EarthRef.org Reference Database (ERR) -- Jochum et al. 1993

We have analyzed tin together with other trace elements in a variety of mantle-derived rocks by isotope dilution-spark source mass spectrometry. Tin concentrations in oceanic basalts (mid-ocean ridge basalts, or MORB; oceanic island basalts, or OIB; island arc volcanics, or IAV) vary from 0.4 to 6 ppm. Tin is a moderately siderophile element which behaves like the moderately incompatible and lithophile element Sm during igneous processes in the mantle. The Sn/Sm ratio is therefore similar in various reservoirs of the silicate portion of the Earth at the present day. To investigate possible secular variations of siderophile/chalcophile element abundances, we have also analyzed komatiites and basalts with ages ranging from Archean to Tertiary. Rocks having ages up to 3.4 Ga yield Sn/Sm ratios comparable to those of the oceanic basalts. These results indicate that core growth during the last 3.4 Ga was negligibly small. In addition, the Sn/Sm ratios in different mantle reservoirs are identical within the uncertainty of the data scatter. This indicates that tin was homogenized within the mantle after core formation. We conclude that the value of Sn/Sm = 0.32 found in mantle-derived rocks is representative of the primitive mantle because the estimated continental-crustal abundances of Sn and Sm yield a similar Sn/Sm ratio.
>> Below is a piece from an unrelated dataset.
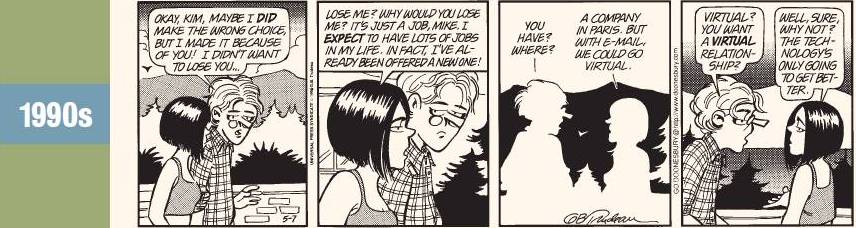 Nel corso degli anni ’80, come raccontato da Brian Walker nel bel volume “Doonesbury and the Art of G.B. Trudeau“, si consolida la collaborazione agli inchiostri con Don Carlton (eh già, anche Trudeau non lavora da solo), che tende ad accrescere la precisione della linea, sia marcando i contorni che arricchendo i dettagli. È così che, verso la fine del decennio, i retini tipografici aggiungono a Doonesbury un feeling più contemporaneo, fatto di texture più moderne e rigorose – dagli abiti agli sfondi – e in grado di suggerire anche una maturità più “strutturata” dei personaggi ormai tutt’altro che ragazzini al college.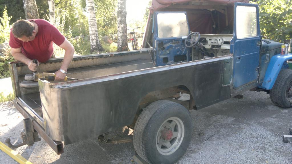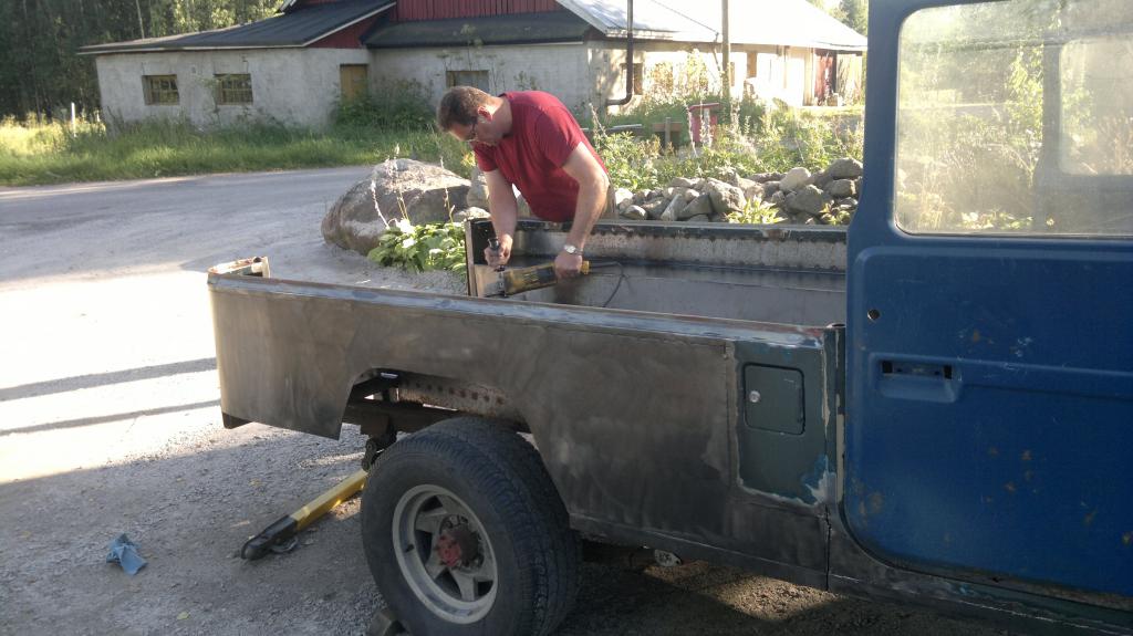 Perjantaina oli töistä vapaata ja jotenki sain pienen innostuksen joten kaivelin bj:n pressun alta. Jolulukuussa se tyrkättiin tallista pihalle kun oli muitten autojen remonttia. Yllättävän vähän oli ruostunut, pellit on kuitenki maalattomia suoraan hitsauksen jäljiltä. No johonkin sooda tms. puhallukseen kori olisi tarkoitus kiikuttaa jahka valmistuis joskus. http://forums.offipalsta.com/picture...ctureid=151029 http://forums.offipalsta.com/picture...ctureid=151030 Kuskinpuoli neppailtiin tänään kasaan tai no melkein. http://forums.offipalsta.com/picture...ctureid=151033 Helmaan putkiloa kun jäis vähä noloks jos olis pelkkä pellin reuna tosa. Sitte hoksasin että eikös tuola lokarin sisällä ollu alunperinkin jotai laatikoita. Etupäähän nyt ainakin tehtiin jonkinlainen kotilo, saa sinne ny ainakin 8-päkin kaljaa tungettua. http://forums.offipalsta.com/picture...ctureid=151031 Laatikon toinen seinä moudostaa "pyörän kaaren" toisen laidan ja takakulman laatikon seinä toisen laidan. Pieni innostus on taas tämän nysväykseen mjutta se saattaa hävitä yhtä nopeasti kun se tulikin. |

This results in Sn = 0.12 +/- 0.01 ppm for the primitive mantle abundance, in agreement with that determined from fertile peridotite xenoliths (0.15 +/- 0.02 ppm). To determine an absolute depletion factor for the volatile siderophile element tin in the primitive mantle, we have also analyzed four carbonaceous chondrites, including the CI chondrites Orgueil and Ivuna. We obtain a CI-value of tin of 1.62 +/- 0.03 ppm. Tin is depleted in the Earth's primitive mantle by a factor of 33 +/- 3; the volatility corrected depletion factor is similar to other moderately siderophile elements (NEWSOM, 1990).